Can I make this as a single-layer cake?
Yes, bake in a 9×13-inch pan and adjust the baking time as needed.
How do I prevent the cake from sticking?
Always grease and line your pans with parchment paper for easy removal.
Can I prepare this cake ahead of time?
Yes, bake the layers a day in advance and frost just before serving for best results.
Conclusion
Vegan Gluten-Free Carrot Cake is a deliciously moist and flavorful dessert that everyone can enjoy, regardless of dietary preferences. With its warm spices, tender crumb, and creamy dairy-free frosting, this cake brings classic comfort with a modern twist. Perfect for celebrations or everyday baking, it’s a recipe that proves wholesome ingredients can create truly irresistible results.
Vegan Gluten-Free Carrot Cake is a moist, warmly spiced dessert made without dairy, eggs, or gluten. Packed with grated carrots, cozy spices, and a luscious dairy-free cream cheese frosting, it’s a delicious treat for any celebration or everyday indulgence.
Author:Catherine
Prep Time:20 minutes
Cook Time:35 minutes
Total Time:2 hours
Yield:10–12 slices
Category:Dessert
Method:Baking
Cuisine:American
Diet:Vegan
Ingredients
2 cups gluten-free all-purpose flour blend
1 1/2 teaspoons baking powder
1 teaspoon baking soda
1 1/2 teaspoons ground cinnamon
1/2 teaspoon ground nutmeg
1/2 teaspoon salt
1/2 cup coconut oil, melted
3/4 cup brown sugar
1/4 cup maple syrup
1 cup unsweetened applesauce
2 teaspoons vanilla extract
2 cups finely grated carrots
1/2 cup chopped walnuts or pecans (optional)
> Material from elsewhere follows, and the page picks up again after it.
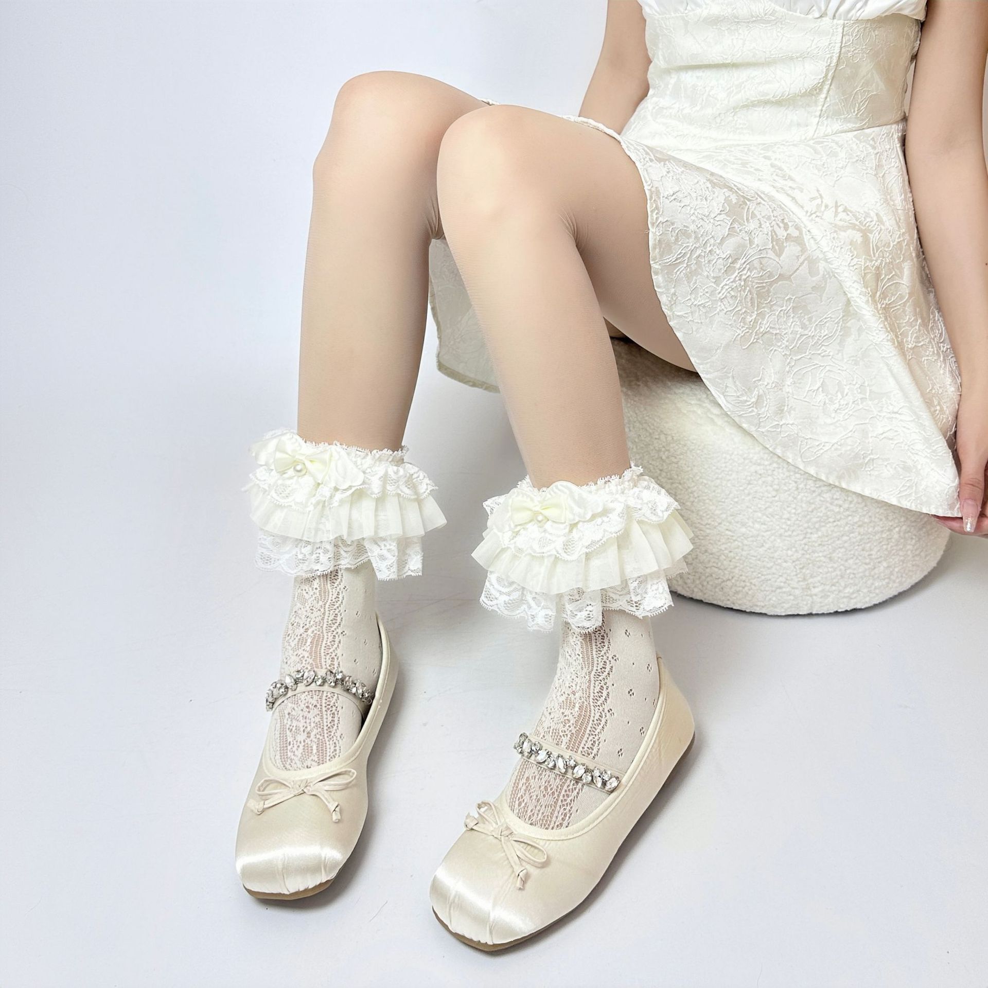 | nameOriginal | Japanese Lolita Lace Calf Socks Jk Bow Socks Pure Sweet Lolita Mid-Length Lace Socks |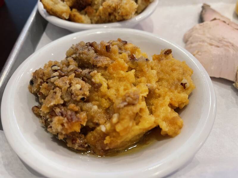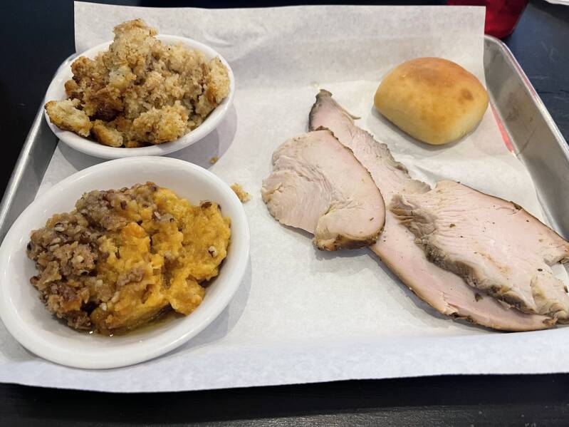For Easter Sunday, my husband and I went to a "new to us" restaurant in Spring Hill, Tennessee. Pig N Pit (http://www.pignpit.com/restaurant-menu.html) has been around for awhile, but we haven't had the opportunity to try it out. I noticed on their Facebook page that they would be doing a special menu for Easter, so we thought this would be the perfect time. When we arrived, we were the first ones there. The server was very friendly and gave a thorough explanation of the options and pricing. I chose smoked turkey breast, cornbread dressing, and sweet potato casserole. The smell of smoked meat wafting through the dining room was intoxicating. Our food arrived to our table quickly and was absolutely delicious. The smoked flavor of the turkey combined with the sweetness of the cornbread dressing made for a perfect bite. The sweet potato casserole had a soufflé like consistency with crunchy pecans on top and I finished off the meal with a buttery, soft roll. My husband had a similar plate but chose brown sugar ham instead of turkey, which he said was equally fabulous. We are already planning a return visit to try their pork barbecue. Try it for yourselves! You won't be disappointed.

1/3 cup raisins (optional)
1/2 cup vegan butter, softened
8 ounces dairy-free cream cheese
2–3 cups powdered sugar
1 teaspoon vanilla extract
Instructions
Preheat oven to 350°F (175°C). Grease and line two 8-inch round cake pans with parchment paper.
In a large bowl, whisk together gluten-free flour, baking powder, baking soda, cinnamon, nutmeg, and salt.
In another bowl, mix melted coconut oil, brown sugar, maple syrup, applesauce, and vanilla extract until smooth.
Combine wet and dry ingredients, stirring gently until just combined.
Fold in grated carrots, nuts, and raisins if using.
Divide the batter evenly between the prepared pans and smooth the tops.
Bake for 28–35 minutes, or until a toothpick inserted in the center comes out clean.
Cool completely in the pans before removing.
For the frosting, beat vegan butter and dairy-free cream cheese until smooth. Gradually add powdered sugar and vanilla, beating until creamy.
Frost the cooled cake layers and decorate with extra nuts or shredded carrots if desired.
Notes
Add crushed pineapple for extra moisture.Use shredded coconut instead of nuts for a tropical twist.Add orange zest for a citrusy note.Make as cupcakes; bake for 18–22 minutes.Store frosted cake in fridge for up to 5 days.Bring to room temperature before serving for best texture.Unfrosted layers can be frozen for up to 2 months.